Welcome back to the third installment of our blog series where we’re diving into the beautiful black box that is Apache Kafka® to better understand how we interact with the cluster through producer and consumer clients.
Earlier in the series, we took a look at the Kafka producer to see how the client works before following a produce request as it’s processed by the cluster.
In this post, we’ll switch our attention to Kafka Consumer clients to see how consumers interact with the brokers, coordinate their partitions, and send requests to read data from your Kafka topics.
If you’re looking for more information on the rest of the process, check out the other blog posts in the series:
How Producers Work: See what the producer does behind the scenes to help prepare your raw event data for the broker.
Handling the Producer Request: Learn how your data goes from the producing client all the way to disk on the broker.
Preparing the Consumer Fetch: See how consumers issue fetch requests.
Handling the Consumer Fetch: Dive into the inner workings of the brokers as they attempt to serve data up to a consumer.

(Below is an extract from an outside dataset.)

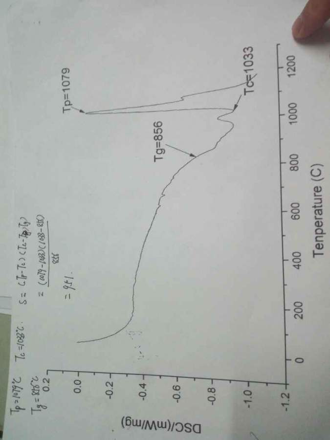 图中Tg是不是玻璃化转变温度应该说还有待考证,只能说看图线这里象有一个吸热效应,至于是不是Tg,谁也没有确定的把握和充足的证据,也有可能只是基线漂移,目前太多的论文为的省力或者作者人云亦云武断的说是Tg温度,其实是热分析的一个误区。 图中Tp所对应的的温度,只能说是测试过程中析晶速度最快的温度,和析晶上限温度无关,如果想得到析晶上限温度,那最好采用降温的方法进行DSC或者DTA分析。同样热分析也测不准析晶下限温度,因为析晶速度和温度有关,热分析还没有那么精确,所以另外一个峰不可能是析晶下限温度,左侧的峰不是形核温度就是其他晶相析出,而右侧的小峰应该是析晶峰。 |
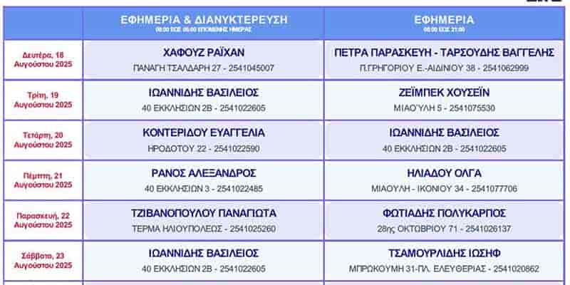 Εφημερεύοντα Φαρμακεία της Ξάνθης από 18 έως 24 Αυγούστου 2025

There’s no time to waste. Let’s set up our consumer and start to fetch some data! But which data?
As a recap, we’re reading some adventurous data that outlines the whereabouts of hobbits from a hobbit-updates
topic with 6 partitions. Here’s what our events look like:
Consuming an event from this topic is a solved problem, which we already know. All you do is set up a consumer client using your favorite programming language, call consumer.poll()
, and bam…there’s your data!
But it’s not that simple. Well, it is and it isn’t.
Similar to the Kafka producer, the Kafka consumer has many hoops to jump through to get data from the Kafka cluster. It’s a long journey, fraught with dangers and hurdles across the cluster.
But to even begin our journey and start to poll for data, we first need to set up a consumer and configure it to read from our hobbit-updates
topic.
Once connected to the brokers, the consumer’s first task is to determine which topics and partitions to consume from.
If there’s just one consumer, it is a simple process––the consumer is assigned all the partitions to read from its subscribed topics. But if that’s not the case, there are a couple configurations that impact how partitions are assigned.
At the very least, you tell your consumer which topic(s) to subscribe to, but it won’t always read every partition from that topic, especially if it's a part of a consumer group. Being part of a consumer group means that a set of consumers can band together to parallelize the processing of data from different partitions in a single Kafka topic.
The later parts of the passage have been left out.